Google updated its browser Thursday patching nine security bugs, labeling four as “high” and two as a “medium” risk to computer users. The update was tied to a new Chrome browser build (50.0.2661.94) that fixes the flaws.
Google also shelled out $14,000 tied to bug bounty payouts addressed in this security updates, according to a Google Chrome Team security bulletin.
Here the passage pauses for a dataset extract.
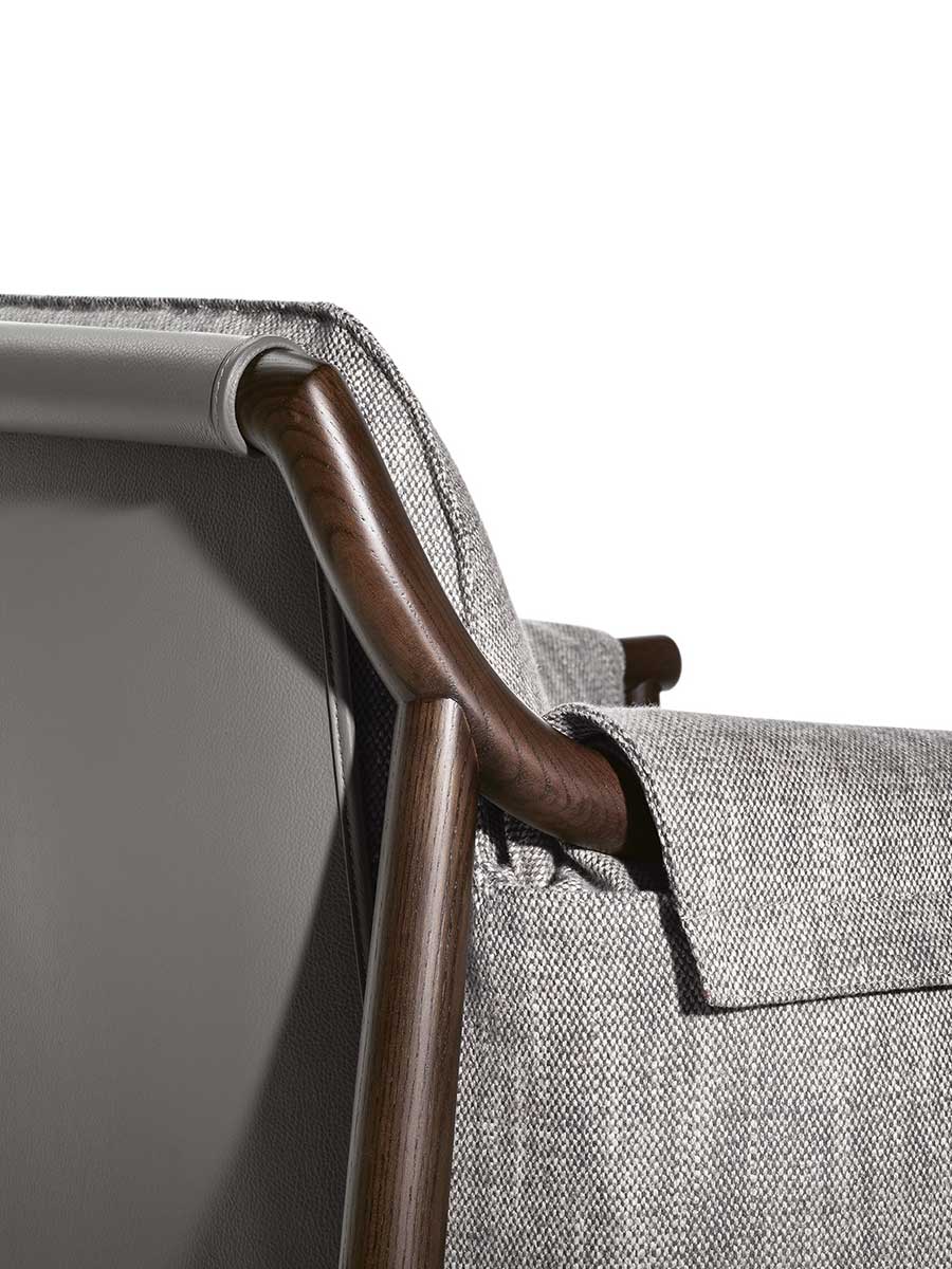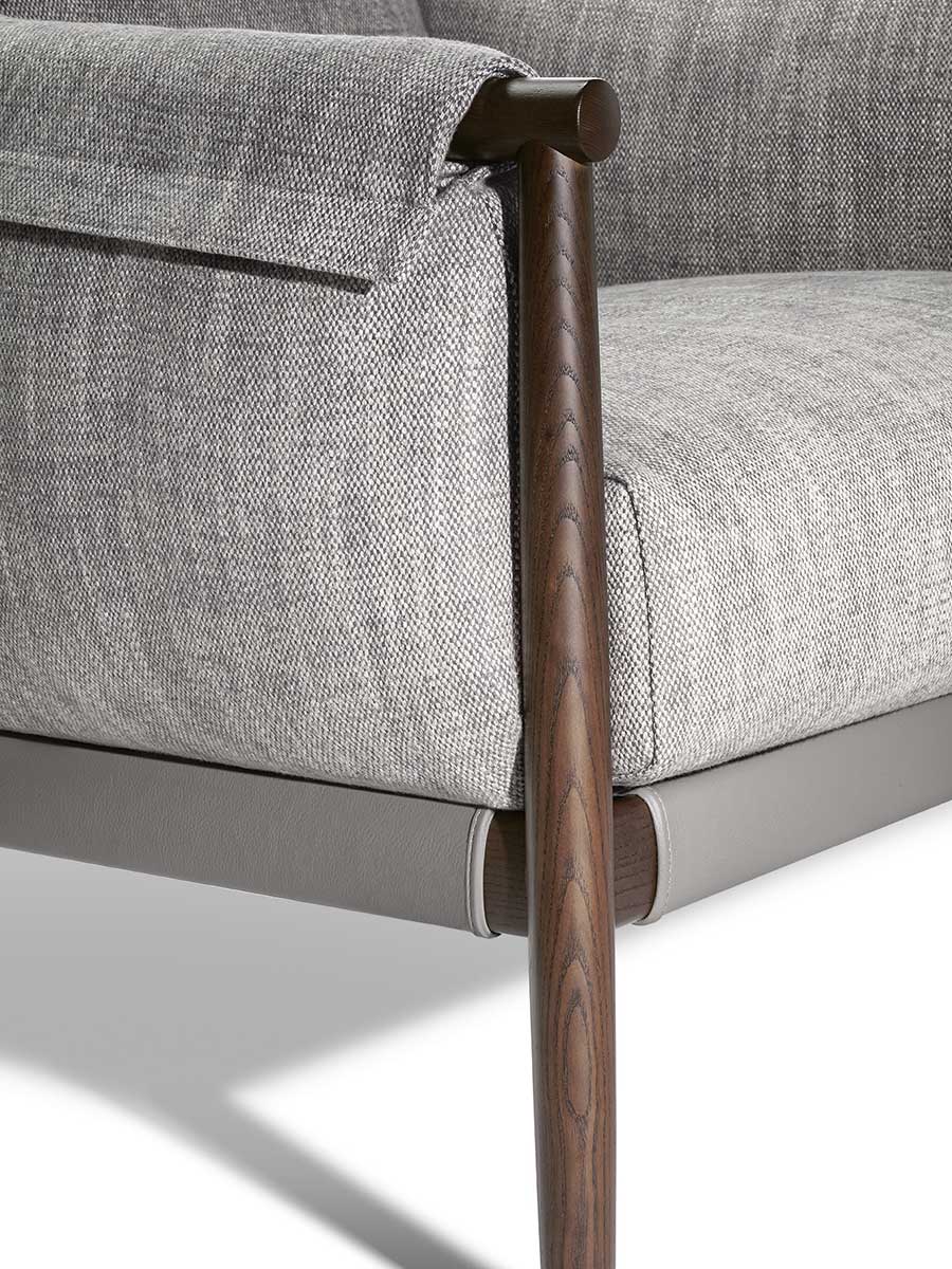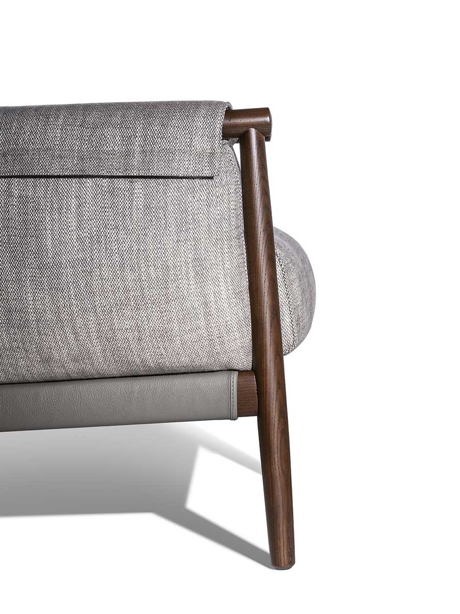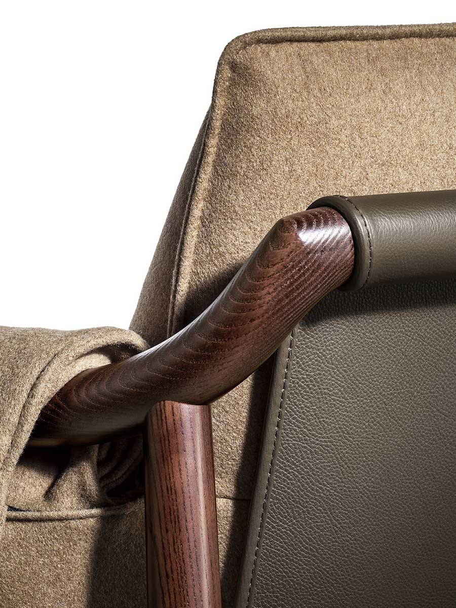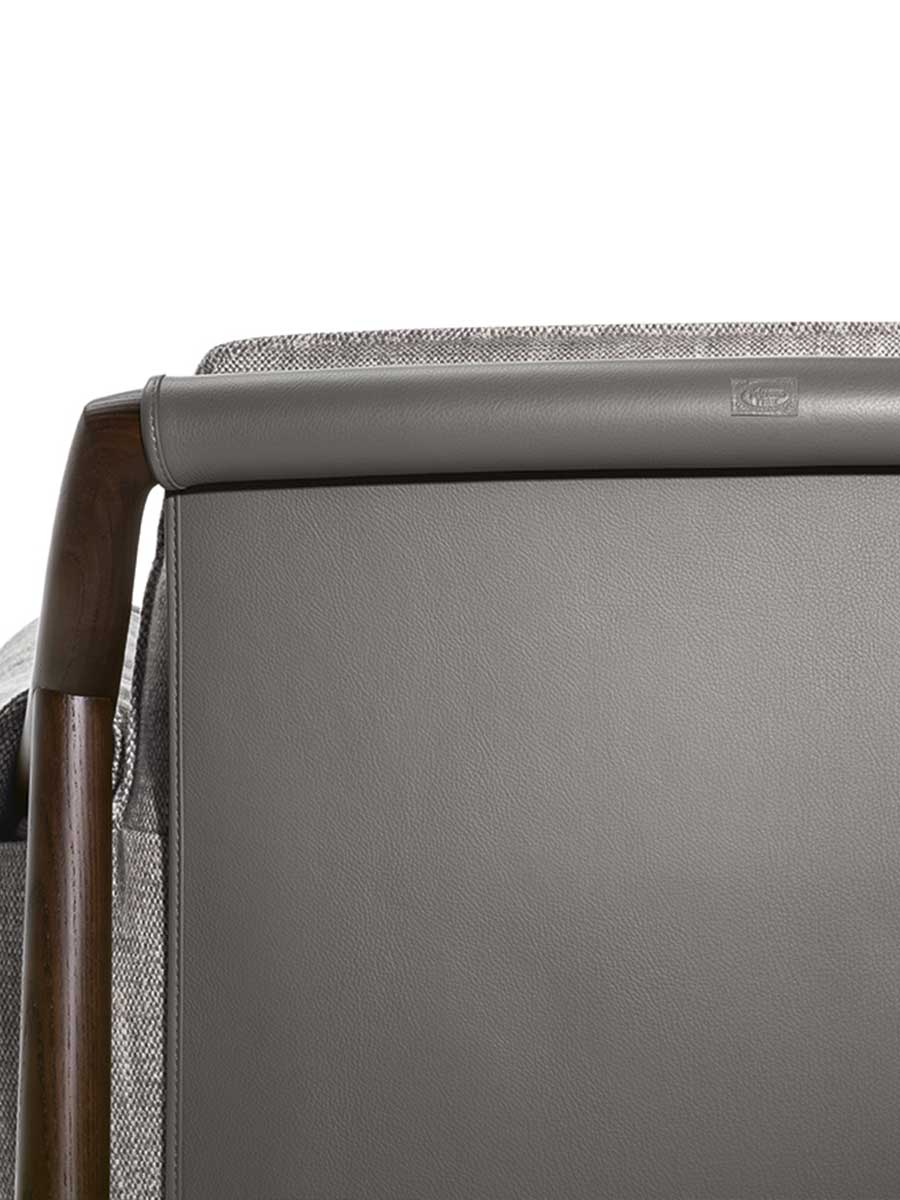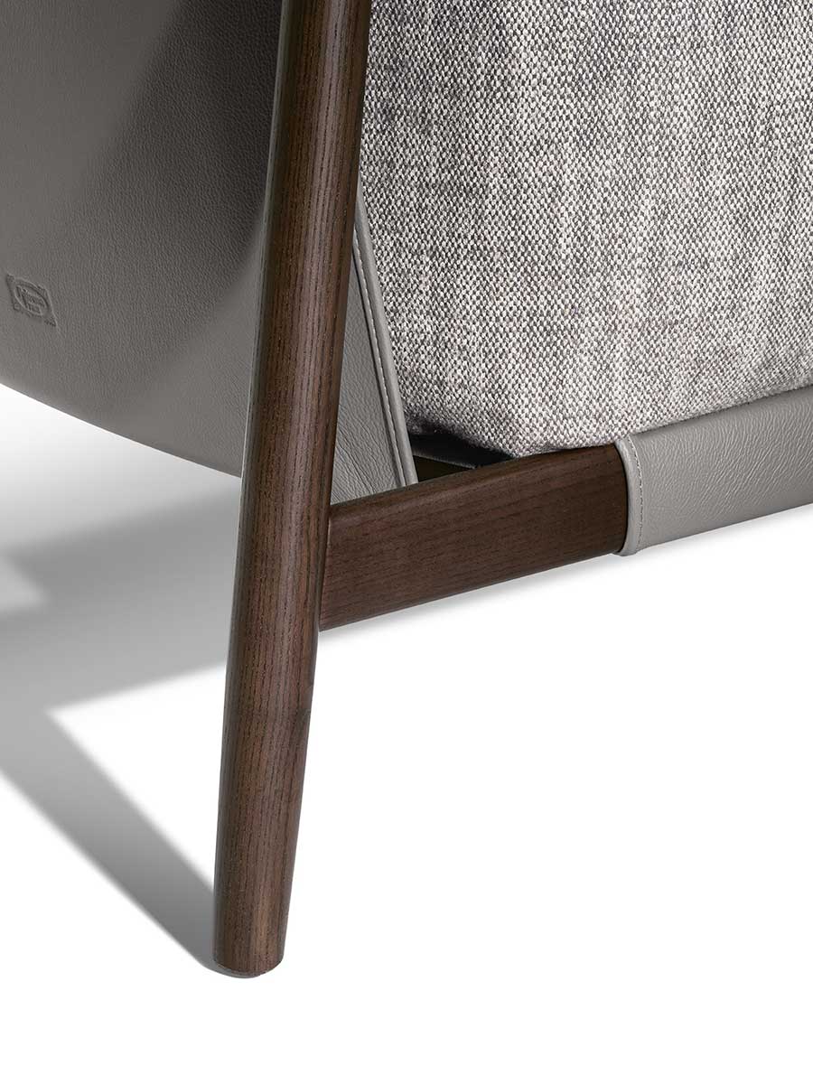 Каркас кресла Times Lounge изготовлен из массива ясеня, окрашенного в цвет мокко или венге. Древесина имеет круглое сечение и овальное сечение для нижних соединительных балок. Опора подушки кресла охватывает деревянную конструкцию и выполнена из кожи Pelle Frau®. Под сиденьем расположен поддерживающий технический текстиль, который выполняет функцию пружины. Подушки сиденья и спинки наполнены пенополиуретаном и полиэстерным ватом, а подлокотники – полиэстерным ватом. Обивка подушек спинки и подлокотников сшита как единое целое, обивка подушки сиденья – отдельная и крепится к остальной обивке. Подушки крепятся к каркасу с помощью потайных молний и кнопок. Подушки также могут быть обтянуты кожей Pelle Frau® или тканью. В обоих случаях чехол можно снять. Дополнительный чехол можно приобрести отдельно.

Details are scant on the actual security flaws. That’s because Google says it needs to keep information about the bugs restricted until a majority of browsers are updated. “We will also retain restrictions if the bug exists in a third party library that other projects similarly depend on, but haven’t yet fixed,” it wrote.
Five Chrome bug bounty hunters split the $14,000 in rewards. Four $3,000 payments went to those that discovered “high” risk browser vulnerabilities.
Security researcher Atte Kettunen, with the University of Oulu Finland, earned $3,000 for discovering an “out-of-bounds write in Blink” vulnerability (CVE-2016-1660).
Independent security consultant Wadih Matar also earned $3,000 for his discovery of a “Memory corruption in cross-process frames” (CVE-2016-1661) security bug in Chrome. Matar earned an additional $1,000 for the “medium” security bug (CVE-2016-1664) fixing an “address bar spoofing” issue.
Rob Wu, a software science student at the Eindhoven University of Technology, also earned $3,000 for his discovery of a “use-after-free in extensions” security flaw (CVE-2016-1662) found in Chrome.
Google also paid $3,000 to an anonymous researcher that discovered a security flaw (CVE-2016-1663) that was only described as “use-after-free in Blink’s V8 bindings.”
Other bug bounty payouts went to “gksgudtjr456” who received $1,000 for a “medium” risk (CVE-2016-1665) “information leak in V8” security flaw.
Google fixed an additional three security bugs (CVE-2016-1666) that included “various fixes from internal audits, fuzzing and other initiatives.”